Advocating to elected officials nation-wide is crucial for ensuring that the Arab position is considered by our policymakers. The power of a targeted message of support for Palestine and other Arab countries from a constituent is immeasurable and there is much we can do to educate our representatives and impact policy:
Lobby Members at Home. There is no substitute for a member of Parliament  hearing from constituents at home. Effective lobbying is an ongoing process of nurturing relationships over time. Contact your representatives to schedule meetings with your members to discuss current developments.
Write Letters. While a face-to-face meeting is most effective, letters are still the most common vehicle of communication with elected officials. Parliamentary  staff monitor the number of letters received in support of or in opposition to an issue. Letters on policy issues should be sent to the member's Ottawa office, with a copy to the local Provincial Office.
- Address only one issue per letter so the letter is directed to a specific person
- Be concise and to the point. State the purpose of the letter up front.
Phone Calls. Calls convey a heightened sense of urgency and are only warranted when legislative action is imminent. MP offices keep a tally of calls to gauge public sentiment in the district. Be prepared to supply your address. Call the Canada Help line 1-800 -OH CANADA,  to get  to your member's office address and phone number.
E-mail. For many, e-mail is the easiest method of communication. Although most offices do receive constituent communication via e-mail, keep in mind that e-mail gets the least attention in Ottawa offices. However if a member has an individual Web sites, it can be useful for researching relevant statements made or action taken on the issue.
Invite Members to Speak. Members of Parliament  welcome opportunities to speak at community meetings or other events. Host forums and voter education/registration initiatives with candidates to educate them about your concerns.
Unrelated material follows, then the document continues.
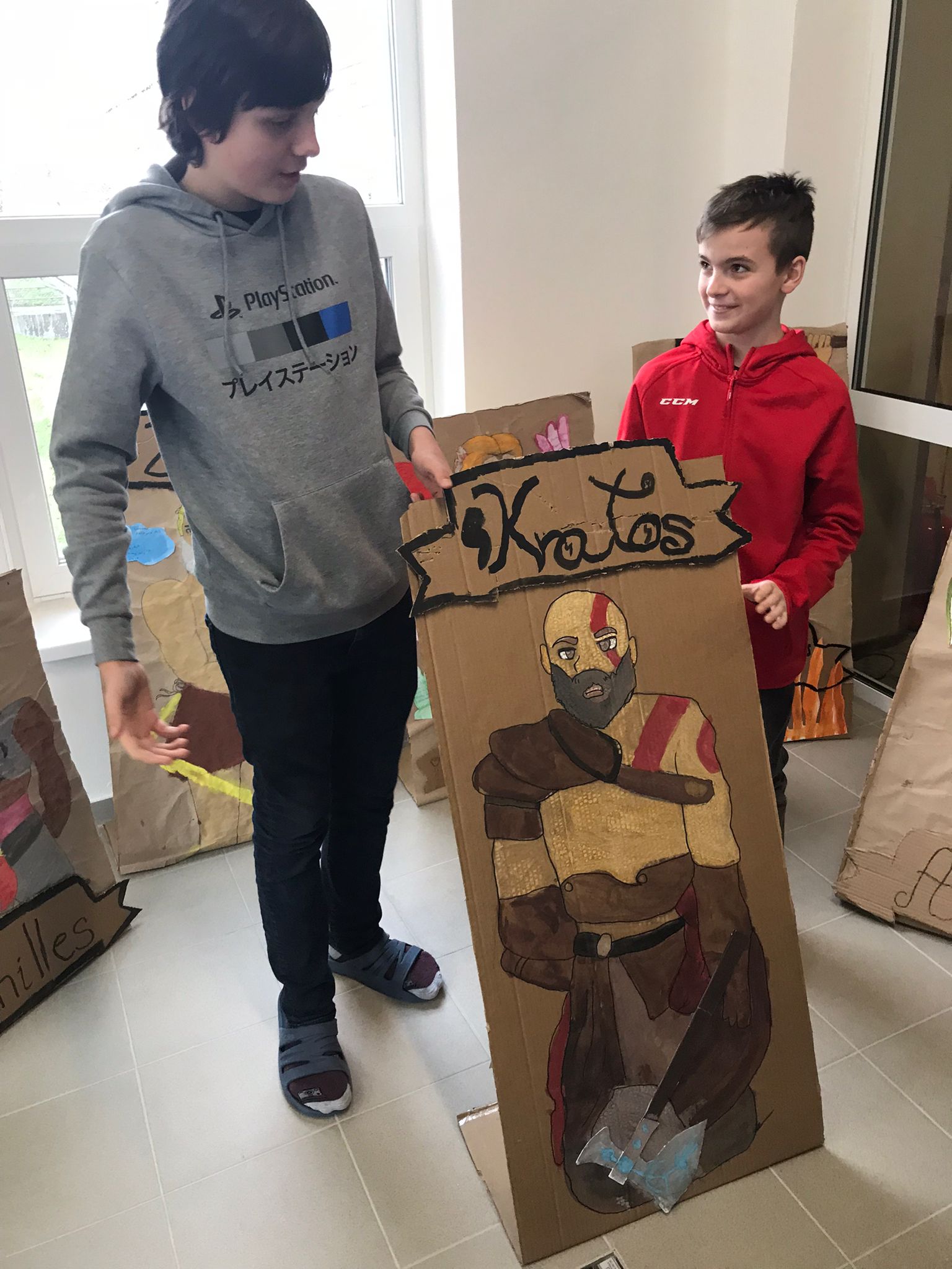 Velké poděkování patří Lee Hynkové za grafické návrhy podoby bohů, i třídní učitelce Daniele Lipenské a paní asistentce Jitce Benešové za pomoc s realizací celého projektu.
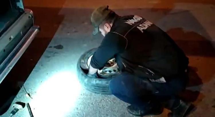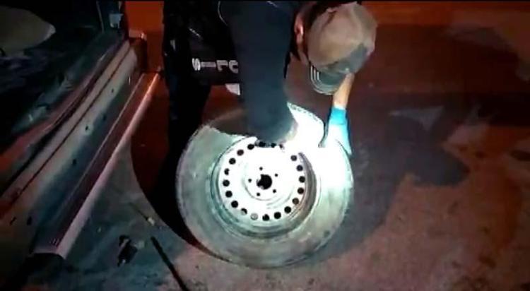 Polisin otoyolda takip ettiği şüpheli bir otomobil de uygulama noktasında durduruldu. Sürücü Y.B.’nin (32) indirildiği araçta narkotik köpek ‘Oscar’ ile arama yapıldı. Oscar’ın tepki vermesi üzerine bıçakla kesilen yedek lastiğin içinde 4 kilo esrar ele geçirildi.

Host a   Briefing. Getting to know the staff in your province and in Ottawa is vital in facilitating ongoing communication with the member of parliament  and impacting policy. Aids  frequently step in to meet with constituents while members are called to vote or attend committee hearings and meetings. Not only are they the member's eyes and ears and help shape how a member votes, but aides often move on to leadership positions themselves. Aides provide a vital link in facilitating ongoing communication with the member of parliament. Take these meetings seriously and communicate your message.
Develop a Key Contact Network. Though elected officials value the opinion of community leaders, nothing compares to an individual constituent who can place a personal call to key public officials to say "thank you" or raise concerns.
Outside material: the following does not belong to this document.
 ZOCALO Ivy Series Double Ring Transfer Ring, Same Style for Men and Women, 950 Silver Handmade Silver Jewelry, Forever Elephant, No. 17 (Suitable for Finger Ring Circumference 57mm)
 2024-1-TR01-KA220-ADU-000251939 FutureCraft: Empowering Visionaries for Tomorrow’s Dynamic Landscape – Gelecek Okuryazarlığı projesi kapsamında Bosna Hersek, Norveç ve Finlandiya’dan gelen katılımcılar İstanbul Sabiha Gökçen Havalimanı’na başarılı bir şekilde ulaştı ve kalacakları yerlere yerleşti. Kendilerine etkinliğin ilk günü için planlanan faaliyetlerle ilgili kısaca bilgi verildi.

Develop Contacts with Local Elected Officials and Candidates. The best relationships with officials are those which began in their early careers in state and local offices. Today's candidate for City Council may be tomorrow's Premier. Although these officials and candidates focus on local issues, they can be important voices in support of Arabs in the community and beyond.
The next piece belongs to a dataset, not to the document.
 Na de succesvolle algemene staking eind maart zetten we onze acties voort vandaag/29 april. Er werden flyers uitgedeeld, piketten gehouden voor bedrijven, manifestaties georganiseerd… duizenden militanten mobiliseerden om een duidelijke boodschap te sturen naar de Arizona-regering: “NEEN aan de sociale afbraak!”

Tips For Successful Lobby Meetings
Advance Preparation
Designate one spokesperson for the delegation.
Learn about what the member has done or said on your issues.
At The Meeting
Be brief. Keep your presentation to a minute or two.
Describe local support the measure has received from other coalition allies.
Get to the point and request a specific action of support.
Leave plenty of time to hear out the member about his/her reactions.
If The Member Disagrees . . .
Disagree without being disagreeable. There are other issues on which to find common ground.
Stay focused. If the member disagrees, he/she may try to divert the conversation onto another topic. Be sure to communicate your concerns clearly.
If The Member Agrees . . .
Thank him/her for support and reiterate why the issue is important to constituents. Most letters, calls and e-mails to their offices are negative ญญ which leaves members with the impression that their positive actions go unnoticed.
Let them know who is available as a resource for the member's work on behalf of our issue.
Keep Lines Of Communication Open . . .
Follow up with a note to the member and their aide to reconfirm any commitments made. Continue to correspond with your member. They will always write back.